Parkın öbür ucuna yaklaşınca yerdeki kurumuş meşe yapraklarını ayaklarımla savurarak çıktım oradan karşıya geçip markete girdim. İlk önce muşmulalar çarptı gözüme, çok severim. Zaten ben hep acaip meyveleri severim; muşmula, en ekşisinden erik, badem ve kayısı çağlası, koruk, vişne ve henüz yeni çıkmış, tam tatlanmamış ekşimsi mandalina. Muşmulayı severim de haline bakmadan pek kibirlidir kendisi, yahu minnacık, buruşuk, kekre bir meyvesin neyine bu havan. Aynı avokado ve Bağdat hurması gibi "Beni kendim istediğim zaman yiyebilirsiniz" der. Haklı doğrusu, sıkıysa o istemeden yiyin de bakın boğulmanız an meselesi. Nispeten olgunlaşmış bir paket buldum, getirdim koydum radyatörün üstüne, umarım çabuk yumuşar.

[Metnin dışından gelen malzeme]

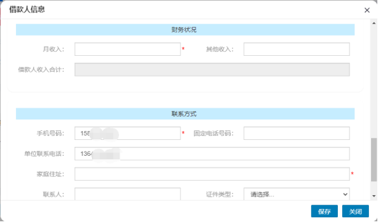 經(jīng)辦人需要補(bǔ)充借款人的必填信息如【婚姻狀況】、【職業(yè)】、【戶口簿地址】、【郵政編碼】、【單位性質(zhì)】、【月收入】、【手機(jī)號(hào)碼】、【家庭住址】等,其他非必填項(xiàng)按真實(shí)情況酌情錄入,信息編輯完畢后點(diǎn)擊【保存】即可(月收入為借款人的繳存基數(shù))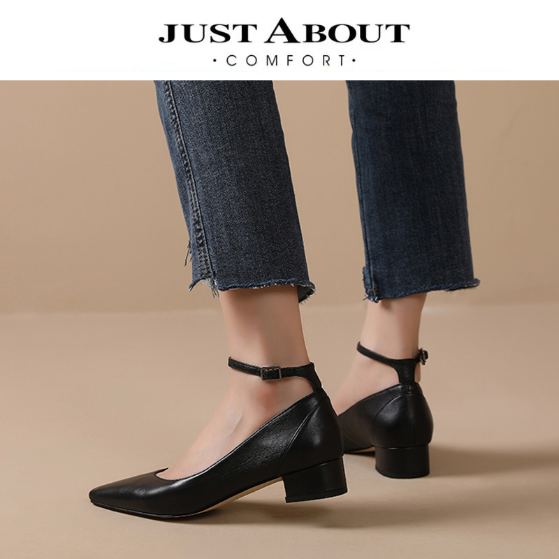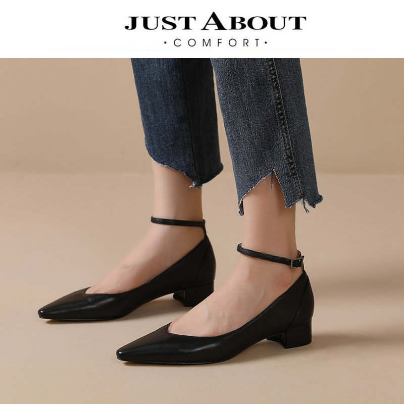 YX001 黑色单跟平底鞋,通勤穿搭首选

Eve dönünce ayağımın tozuyla mutfağa girdim, kuru fasulye ve pilav pişirdim, pişirirken "Mariana Çukuru"nu dinledim Storytel'de. Ölüm ve yas üstüne dinleyeni ajite etmeden ilerleyen hoş bir kitapmış. Yer yer içim burulsa da kahramanları alıp bağrıma basasım geldi. 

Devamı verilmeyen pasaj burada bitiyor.